Go to the line containing "キャスター付きのワゴンに配信" below; retype it and all following lines exactly, and leave out the pictures.

··· DATASET RECORDS

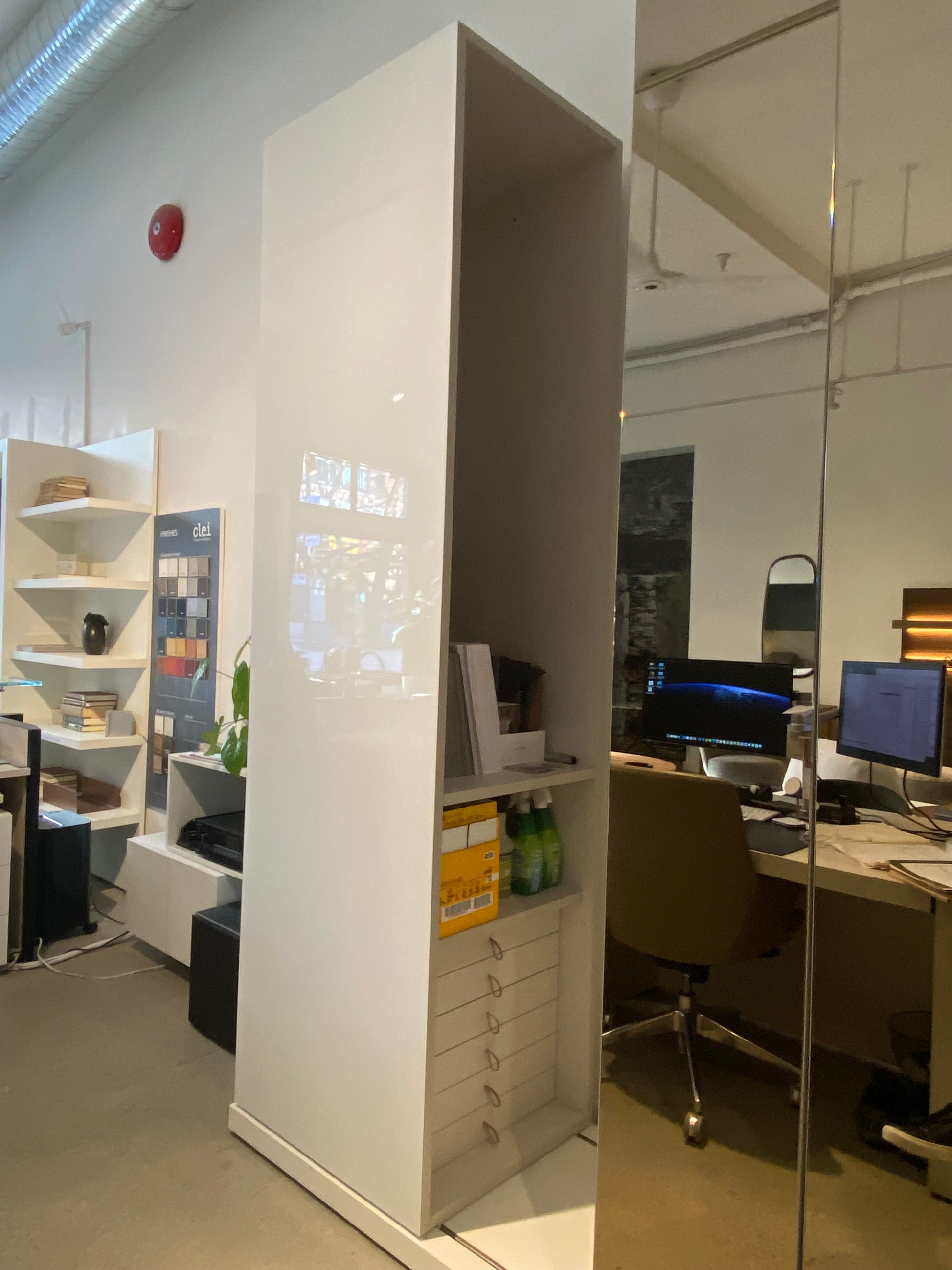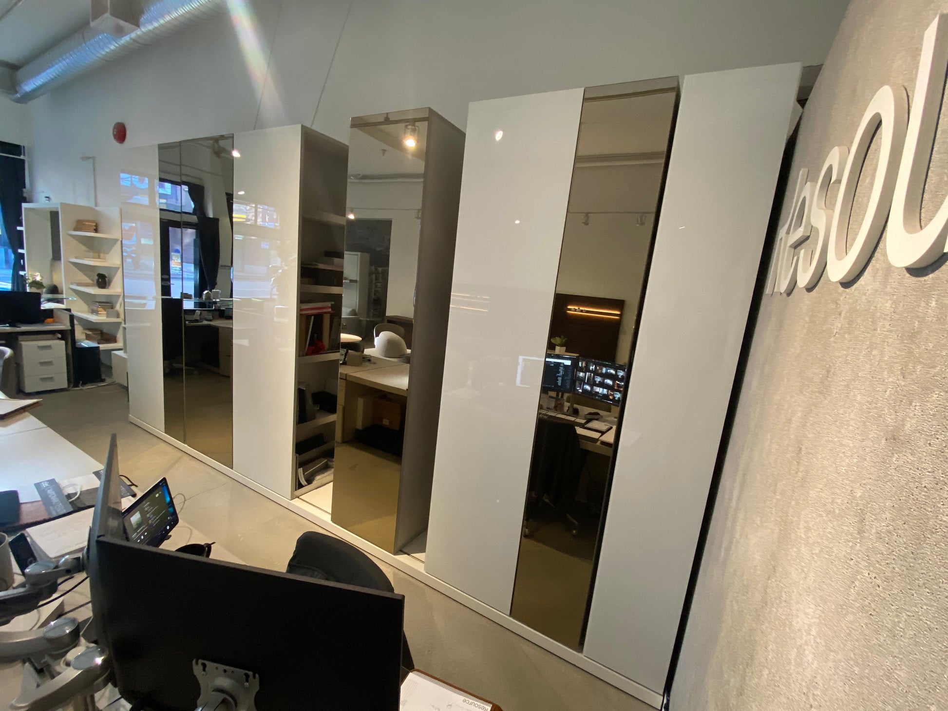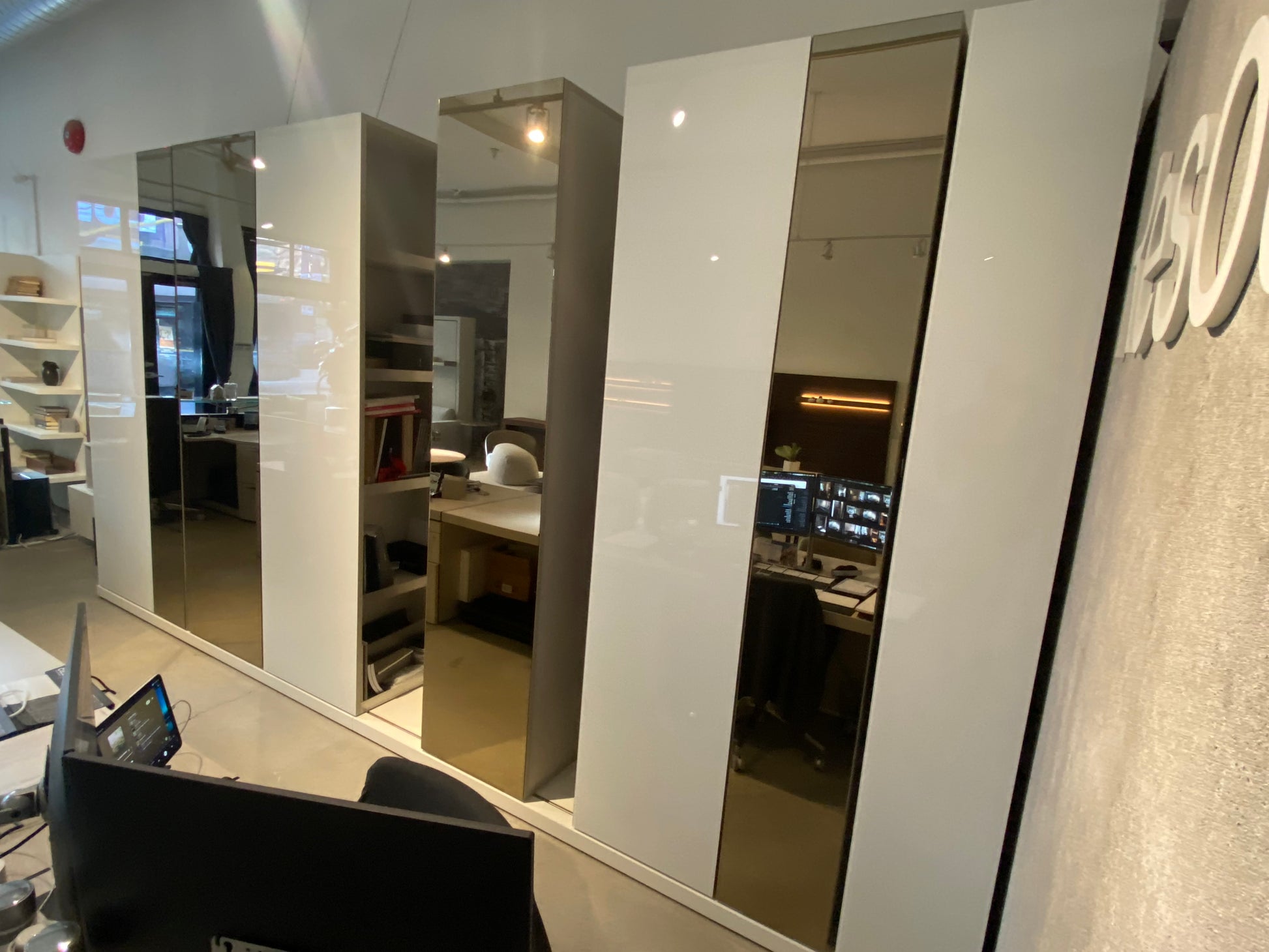 Finishes: White Gloss Glass and Bronze Mirror. For more information please contact the Vancouver showroom.
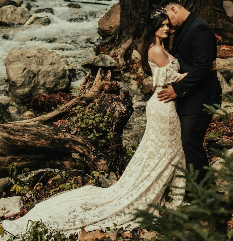 The Callista boho wedding dress features an off-the-shoulder design that will bring your laid-back wedding dreams to life. From top to tail this masterpiece exudes an air of playful elegance that’s quite simply unforgettable.
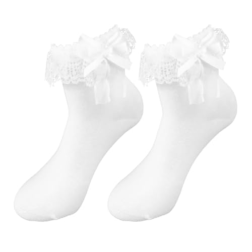 ElevateTech Women Frilly Socks, Cute Ruffle Sock Soft White Turn-Cuff Ankle Breathable Cute Ladies Princess Lace Sock Cool Cotton Socks for Girl Women(Bow)
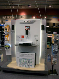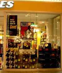 Магазин электроники Circuit City подчеркивает роль брендов поставщиков в своем магазине как размещая их лого над полками с товаром, так и и выставляя специальные стенды для отдельных брендов. Circuit City Morse Road, Columbus, 2003 |
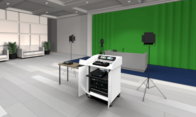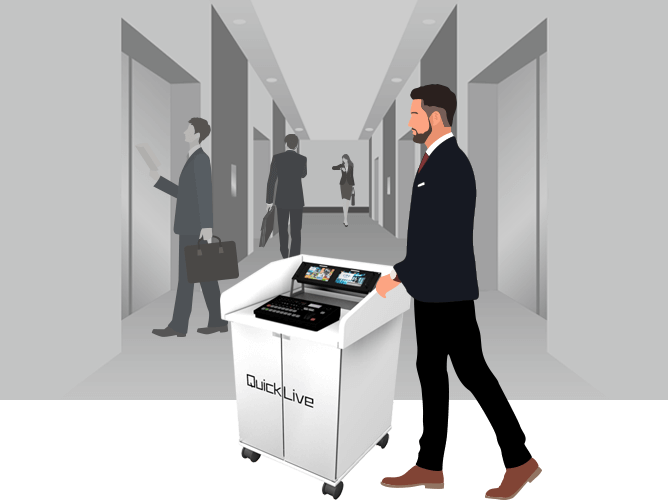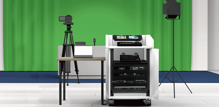 キャスター付きのワゴンに配信機材を集約し、様々な場所から配信を開始することができます。
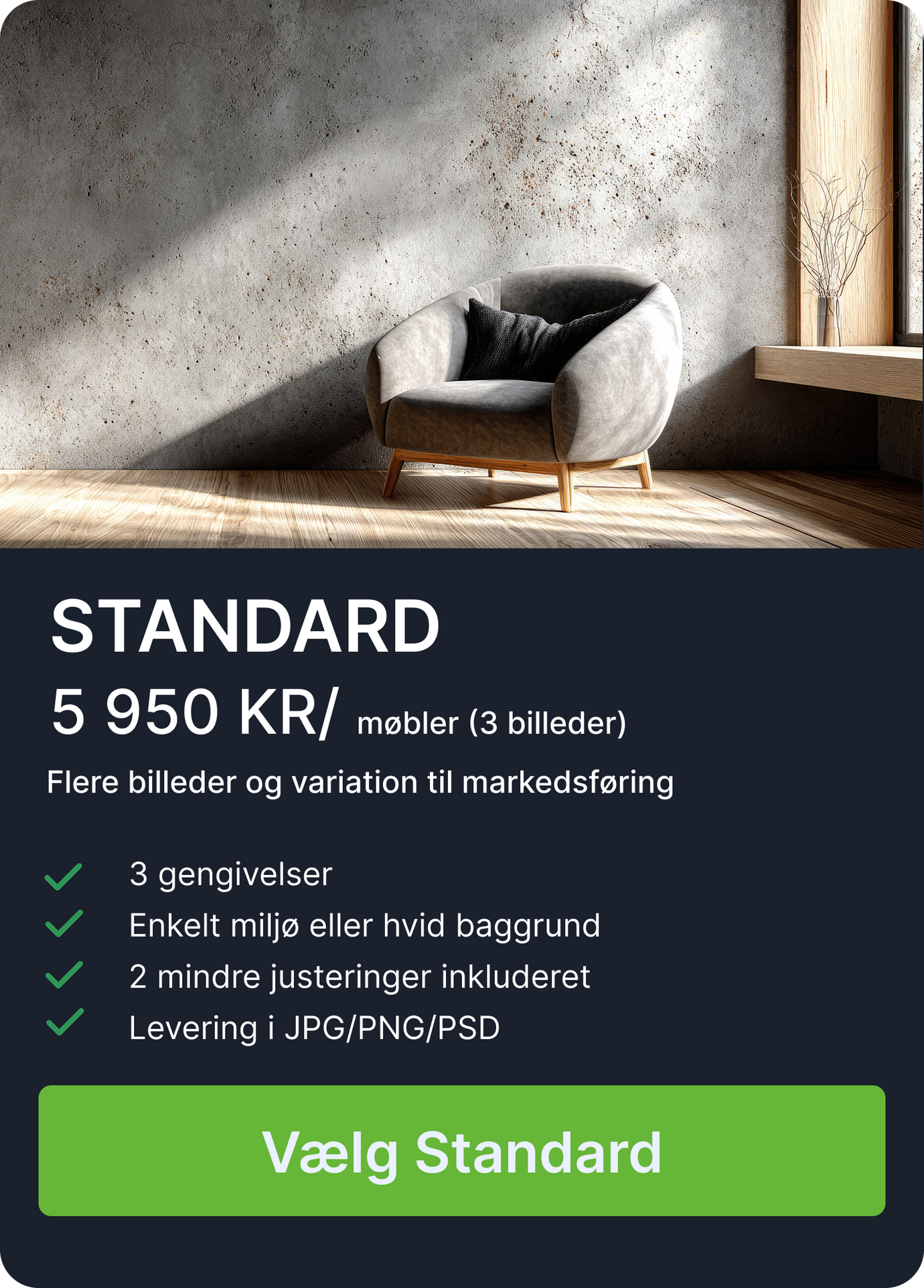 Vi tilbyder 3D-gengivelser i høj kvalitet, der fremhæver dine produkter på den bedste måde – uanset om du har brug for simple billeder til e-handel eller eksklusive præsentationer til markedsføring. Vælg den pakke, der passer til dine behov:
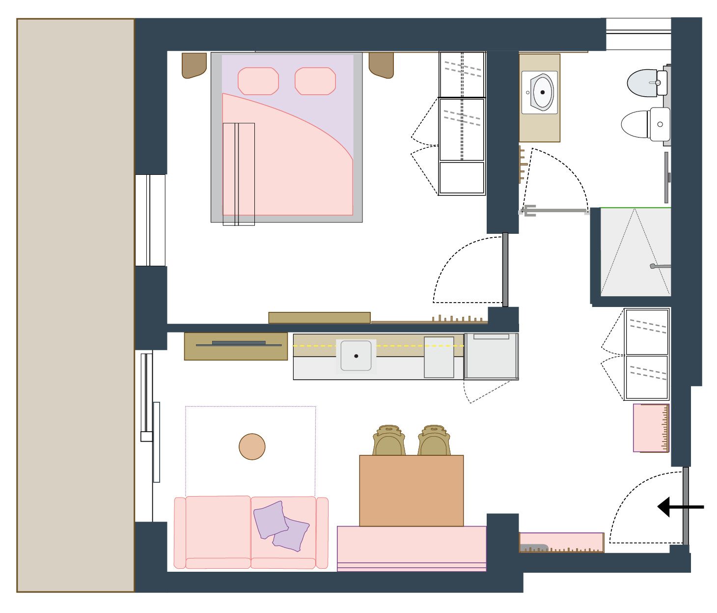Das Ferienapartment besteht aus einem Badezimmer (Dusche, WC und Bidet), einem getrennten Schlafzimmer mit Doppelbett und einer offenen Wohnküche, bei der sich Wohnzimmer, Essbereich und Küche einen Raum teilen.
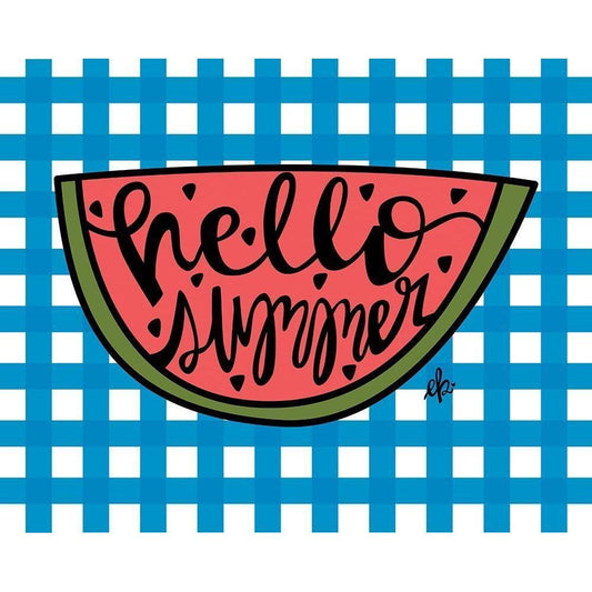 Hello Summer Watermelon Black Modern Wood Framed Art Print with Double Matting by Barrett, Erin
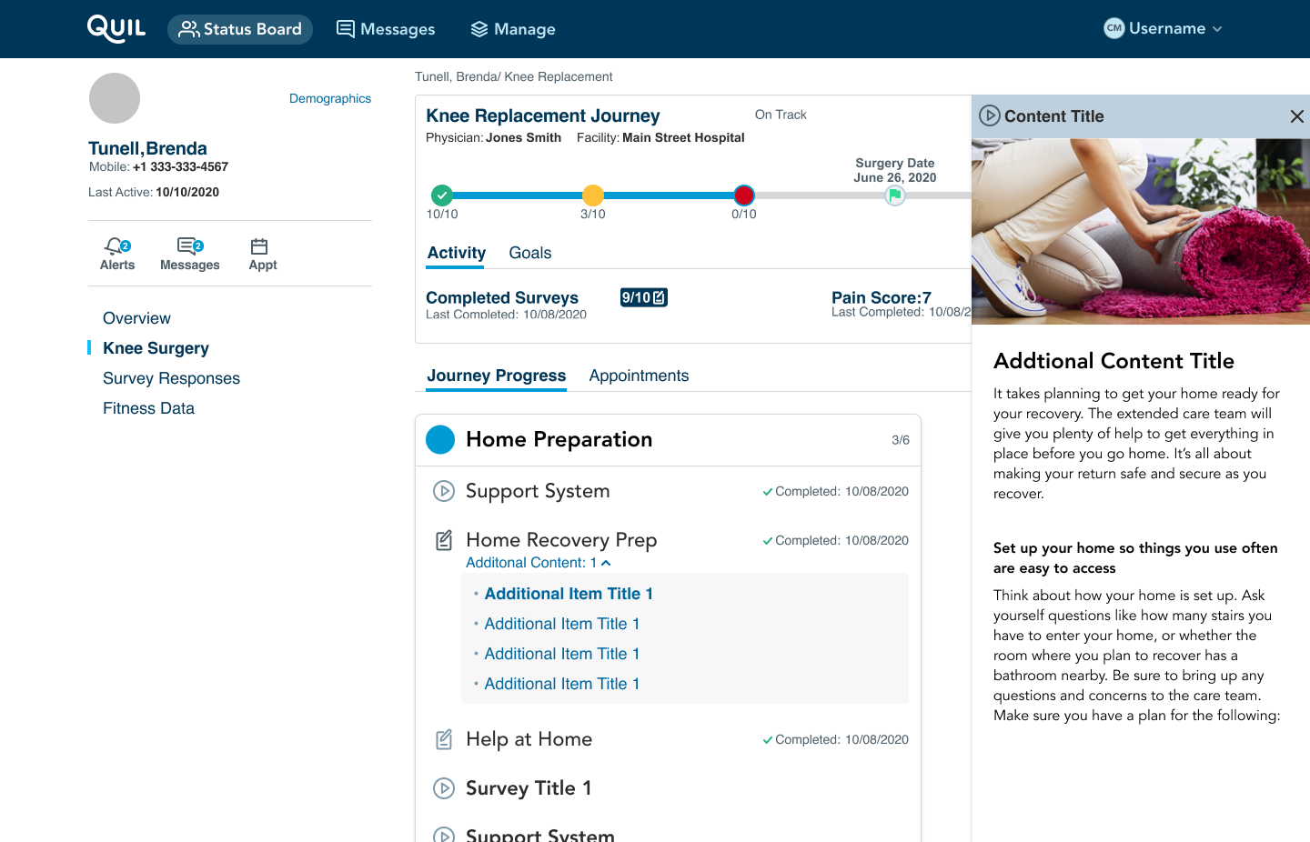 Healthcare Professionals have an extremely challenging working situation utlizizing many desparate systems. Knowing this up front Quil has to take a measured approach to getting provider adoption and value.

······

SOLVED PROBLEM:
 キャスター付きのワゴンに配信機材を集約し、様々な場所から配信を開始することができます。
 Vi tilbyder 3D-gengivelser i høj kvalitet, der fremhæver dine produkter på den bedste måde – uanset om du har brug for simple billeder til e-handel eller eksklusive præsentationer til markedsføring. Vælg den pakke, der passer til dine behov:
Das Ferienapartment besteht aus einem Badezimmer (Dusche, WC und Bidet), einem getrennten Schlafzimmer mit Doppelbett und einer offenen Wohnküche, bei der sich Wohnzimmer, Essbereich und Küche einen Raum teilen.
 Hello Summer Watermelon Black Modern Wood Framed Art Print with Double Matting by Barrett, Erin
 Healthcare Professionals have an extremely challenging working situation utlizizing many desparate systems. Knowing this up front Quil has to take a measured approach to getting provider adoption and value.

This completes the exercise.